Он шумно выдыхает и поднимается с бревна. Мы встречаемся с ним взглядом. Его глаза всё такие же затуманенные, с томной поволокой. Я самодовольно улыбаюсь, медленно потягиваюсь и поднимаюсь за ним следом. Он не сводит пристального взора. Понимаю, что играю с огнём, но здесь работает всё тот же принцип недозволенного. То, что нельзя, хочется вдвойне. Устремляюсь вперёд Уилла и нагло виляю бедрами.

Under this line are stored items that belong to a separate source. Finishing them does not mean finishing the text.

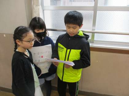 学習発表会にむけてグループで調べてきたことの発表練習を頑張っています。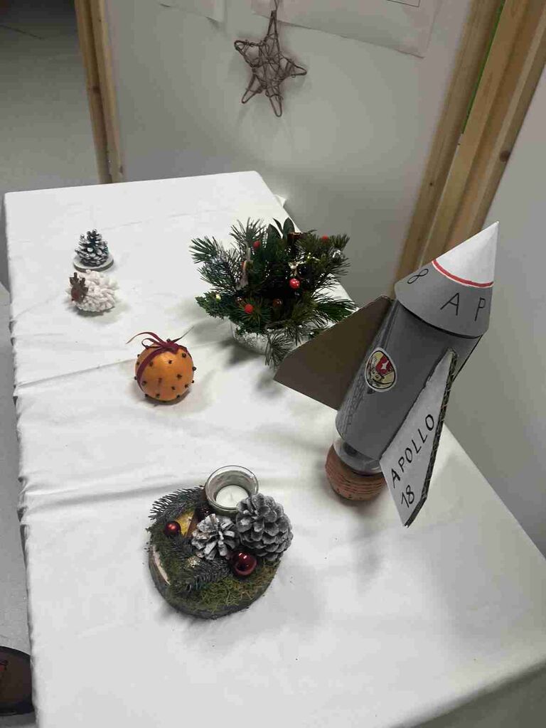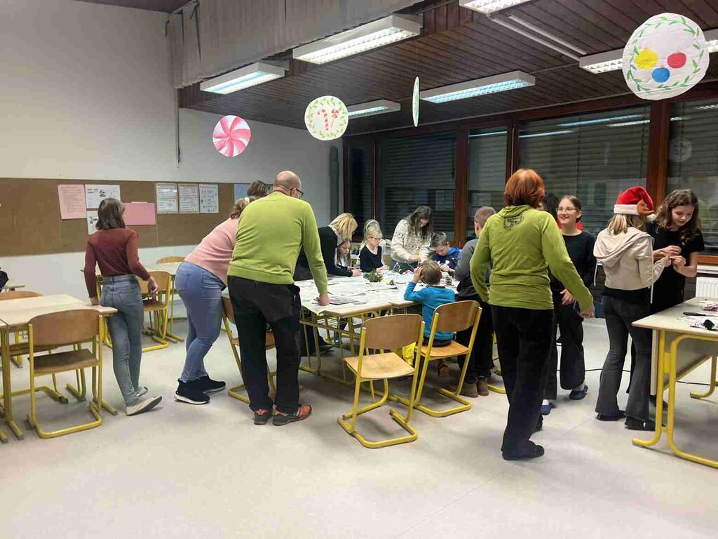 Po kulturnem programu so se starši skupaj z učenci podali po šolskih hodnikih in učilnicah, kjer so potekale raznolike decembrske delavnice. Na njih so nastajali praznični okraski, svečniki, smrečice, leseni izdelki in tudi sadna nabodala ter celo rakete na vodni pogon.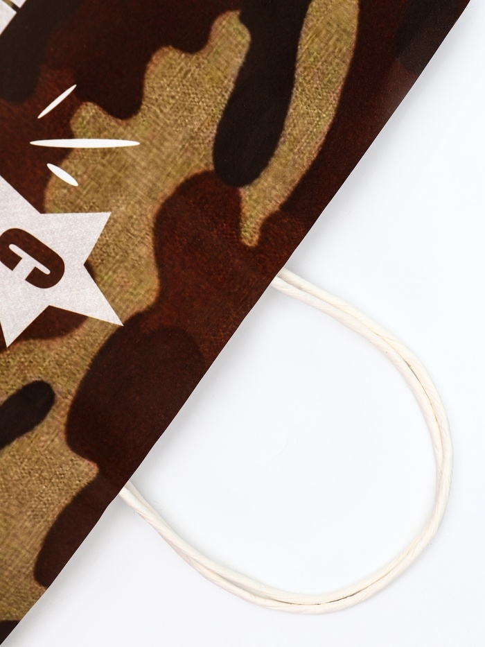 Этот крафтовый пакет с надписью "С 23 Февраля!" станет идеальным выбором для упаковки подарков на День защитника Отечества.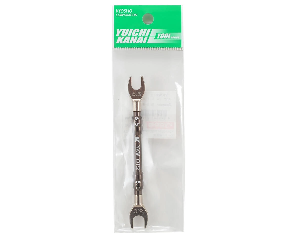 This is a Kyosho Kanai Tools Spanner Wrench, with 6.5mm and 8.0mm ends. This wrench was developed by Yuichi Kanai specifically for use with the Inferno MP9 series vehicles. The deep 8mm end allows easy installation/removal of the shock standoffs on the shock towers, while the 6.5mm end is perfect for easy ball end installation on the turnbuckles and rods.

– Если хочешь добраться до домика в ближайший час, лучше опусти шорты пониже, – цедит он сквозь зубы и резко тянет джинсовую ткань вниз.

– Ещё один такой рывок, и боюсь, они совсем спадут, – усмехаюсь я, разворачиваясь к нему лицом и продолжая свой шаг уже спиной назад.

– Ты доиграешься, маленькая поганка, – включившись в игру, восторженно шепчет в ответ Уилл.

Запускаю большие пальцы под кромку шорт и спускаю их ещё ниже. Настолько, что становятся видны мои выпирающие по бокам косточки и едва ли заметный пресс. Не знаю, что движет мной именно сейчас и откуда во мне появляется эта почти животная похоть. Но я в своей стихии. Закусываю нижнюю губу от волнения и ожидаю его реакции.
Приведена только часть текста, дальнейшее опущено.